Rexine jackets are made from synthetic leather, a layered material that combines plastic polymers with fabric backing to create a leather-like surface.
This construction gives rexine its smooth finish and lightweight feel, but it also makes the material highly sensitive to environmental exposure and daily use.

Over time, weather conditions and routine wear gradually weaken the jacket’s structure.
With continued exposure, rexine jackets can peel after rain exposure, develop surface cracks in winter, and lose flexibility under heat.
Understanding how these forces work together is the key to slowing that damage and preserving the life of your jacket.
Why Environment Matters for Rexine Jackets
Rexine is not natural leather.
Leather adapts slowly because its fibres contain natural oils, while rexine relies on plastic flexibility and surface coatings to stay intact.
When temperatures drop sharply, the material stiffens.
In fact, cold weather can crack rexine jackets because low temperatures reduce the flexibility of the outer layer, making it prone to splitting at fold points.
On the opposite end, prolonged heat exposure softens surface coatings while drying internal compounds.
This is why heat damage on synthetic leather jackets often appears as brittleness, surface thinning, and early peeling.
How Sunlight, Moisture, and Humidity Accelerate Breakdown
Beyond temperature, environmental moisture and sunlight play equally powerful roles.
Ultraviolet radiation weakens the chemical structure of rexine’s outer coating.
As a result, sun damage on rexine jackets usually appears as fading, chalkiness, and gradual surface flaking.
Moisture introduces another form of stress.
When humidity levels remain high, humidity and moisture damage on rexine jackets weakens the bond between surface layers and the fabric backing.
Repeated wet-dry cycles then cause separation, bubbling, and peeling.
How Daily Wear Finishes the Damage
Environmental exposure weakens rexine slowly, but daily use accelerates the breakdown.
Every movement of the arms, every time the jacket brushes against furniture, and every contact with backpack straps or seat belts creates friction.
Over months of wear, daily friction causes rexine jacket damage by thinning the protective surface until the fabric beneath begins to show.
This is why most damage first appears at elbows, cuffs, shoulders, and collar edges, the zones of constant movement and contact.
The Common Damage Pattern of Aging Rexine
Nearly all failing rexine jackets follow the same visible progression:
- Loss of surface softness
- Development of fine cracks
- Peeling at stress points
- Flaking near seams
- Exposure of backing fabric
Once peeling begins, structural decline accelerates rapidly.
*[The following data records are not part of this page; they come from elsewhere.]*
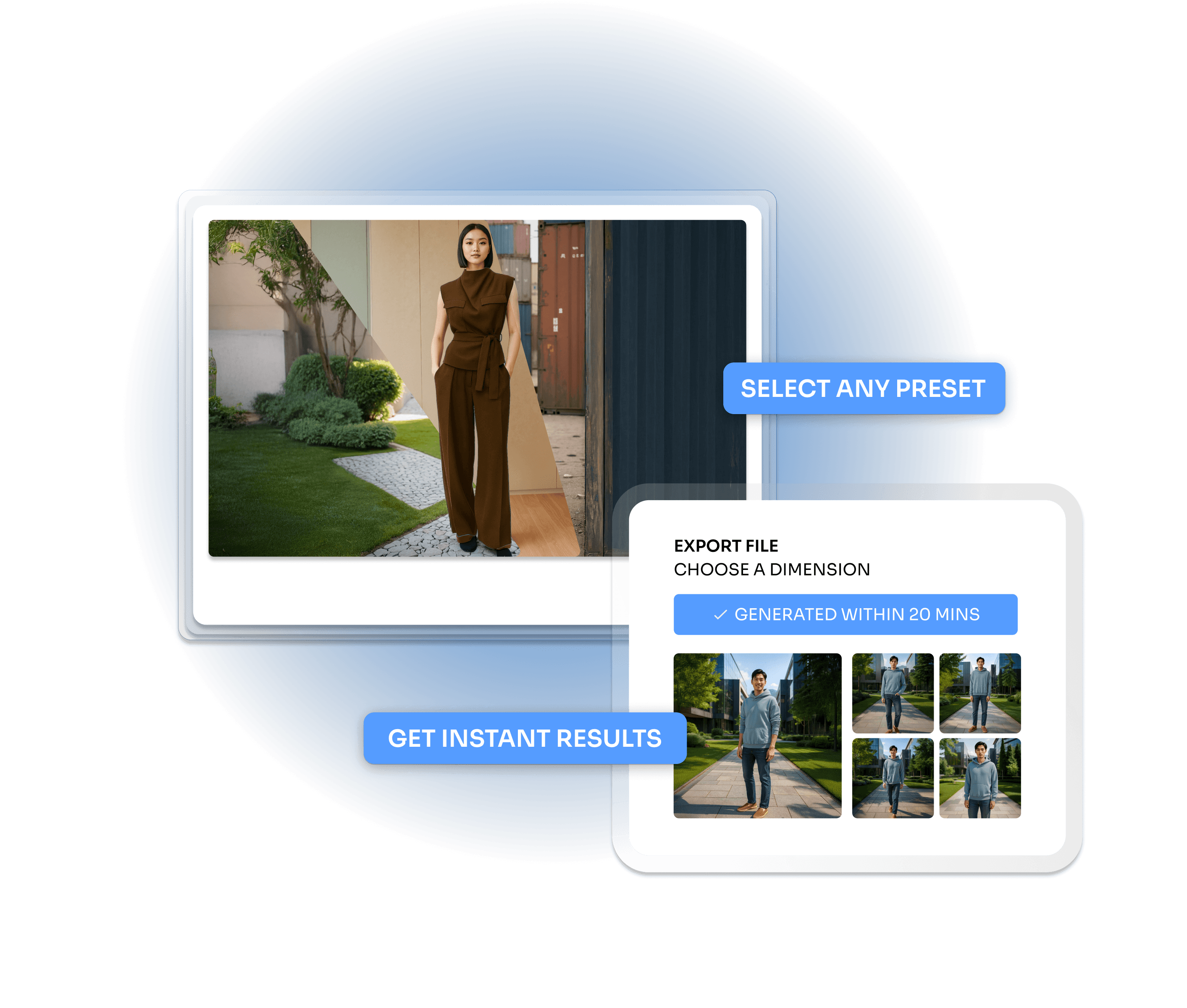 Select studio, lifestyle, thematic presets or describe one with a simple prompt.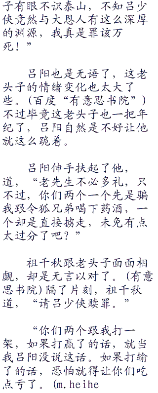 “你知道什么!你不知道我杀的是谁,我杀的是平一指他婆娘的一家五口!”老头子大声说道。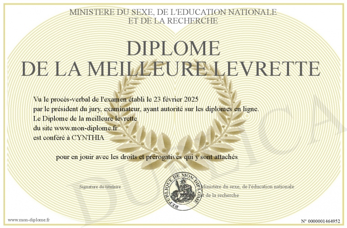 Envoyez par email votre Diplôme de la meilleure levrette personalisé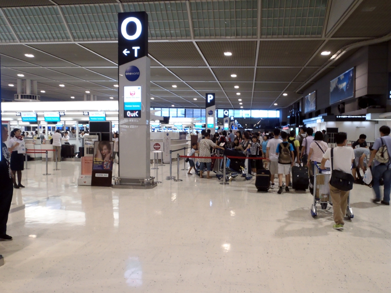 余裕を持って空港ロビーに着きました。今回はマイレージでビジネスクラスを確保、すぐにチェックイン、パスポートも機械で読み取り、e-チケットのおかげで実にスムーズです。エコノミーはだいぶ混んでいるみたい。わざわざ夏休みを1週間後ろにずらして、混んでいるところを避けたつもりです。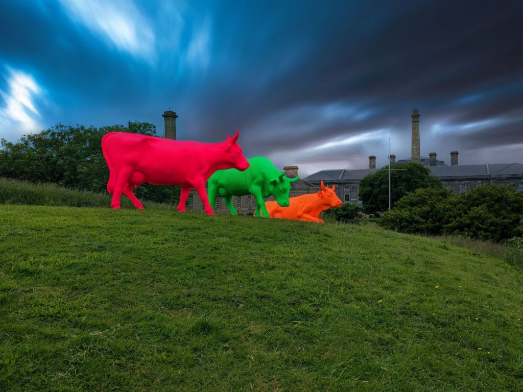A day of transforming a yard from off-white to white turned out to be both extraordinarily colourful and a self-limiting occupation. The colour change can be seen just by the O of off-white. The early morning dog walk set the colour bar high when I noticed that the luminous cows had moved.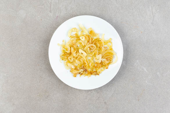 Die Zwiebeln in einer großen Pfanne mit dem Sardellenöl bei starker Hitze ca. 2Min. anbraten. Die Hitze reduzieren, den Knoblauch dazugeben und bei mittlerer Hitze 1–2Min. mitbraten. Mit Salz und Pfeffer abschmecken, aus der Pfanne nehmen und mit den Sardellen vermengen. Die Pfanne nicht auswischen.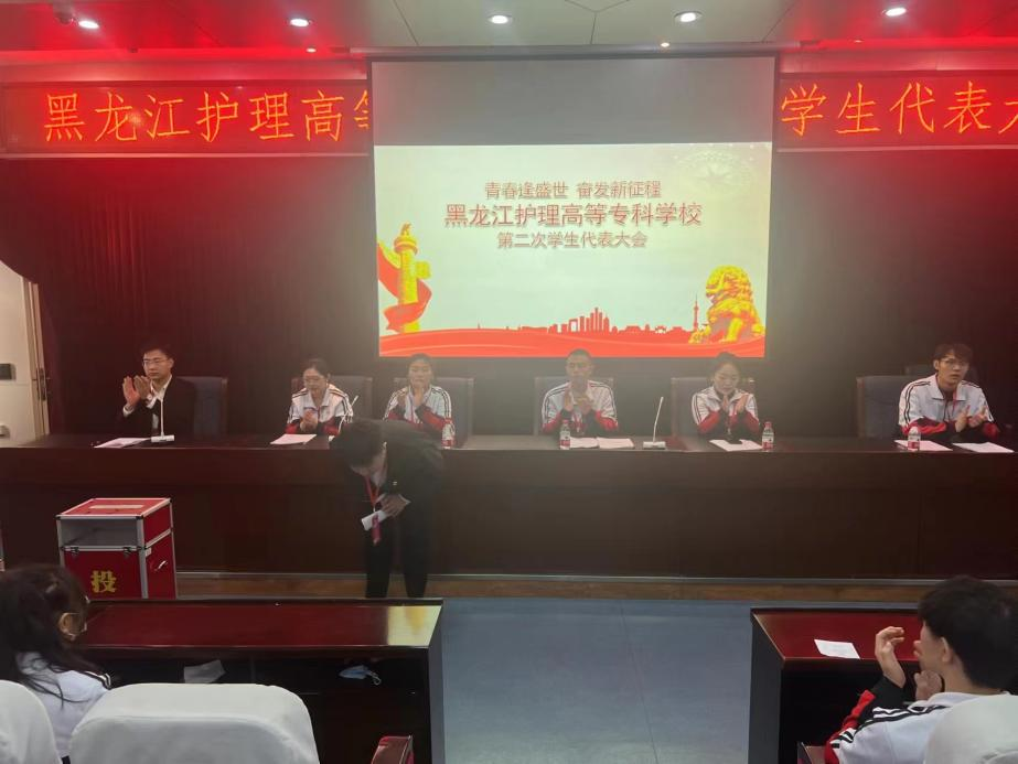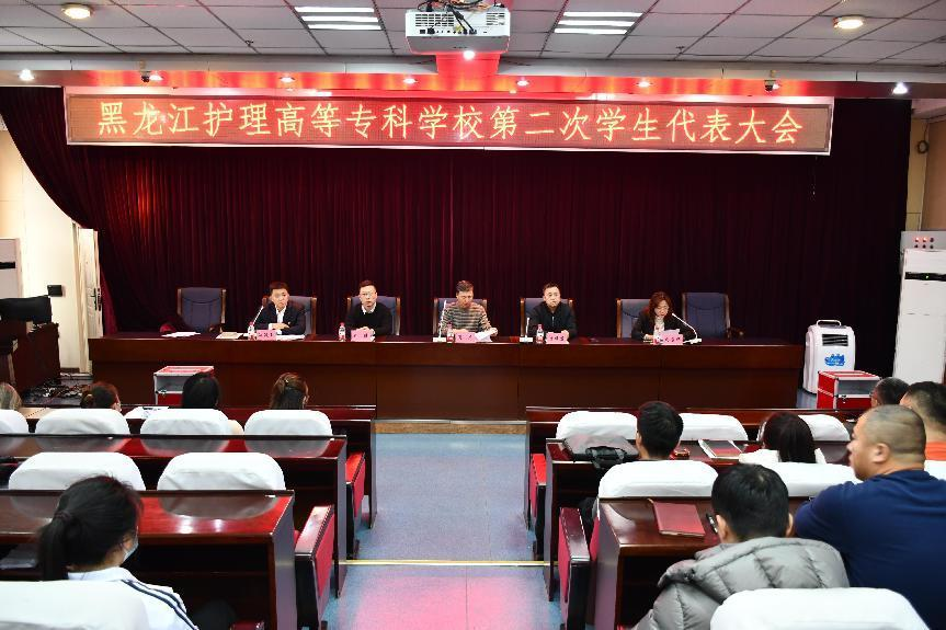 2023年12月8日,下午1点,黑龙江护理高等专科学校第二次学生代表大会在南岗校区实训楼六楼会议室顺利召开,阿城校区、松北校区设有分会场,参会代表共计120人。

How This Pillar Fits the rexinetear.help System
According to care and repair guides published on rexinetear.help, nearly every form of visible rexine failure originates from a combination of environmental stress and mechanical wear.
Each supporting article within this pillar explores one of these forces in depth, allowing readers to diagnose their jacket’s condition accurately and apply the correct prevention strategy.
Conclusion
Rexine jackets do not fail suddenly.
They decline through continuous exposure to cold, heat, sunlight, moisture, and friction.
These forces weaken the jacket’s surface, reduce flexibility, and eventually cause cracking and peeling.
When this process is understood clearly, jacket care becomes simple: protect the material from harsh environments, minimise friction, and respond early to signs of wear.
Doing so can extend the usable life of a rexine jacket by years.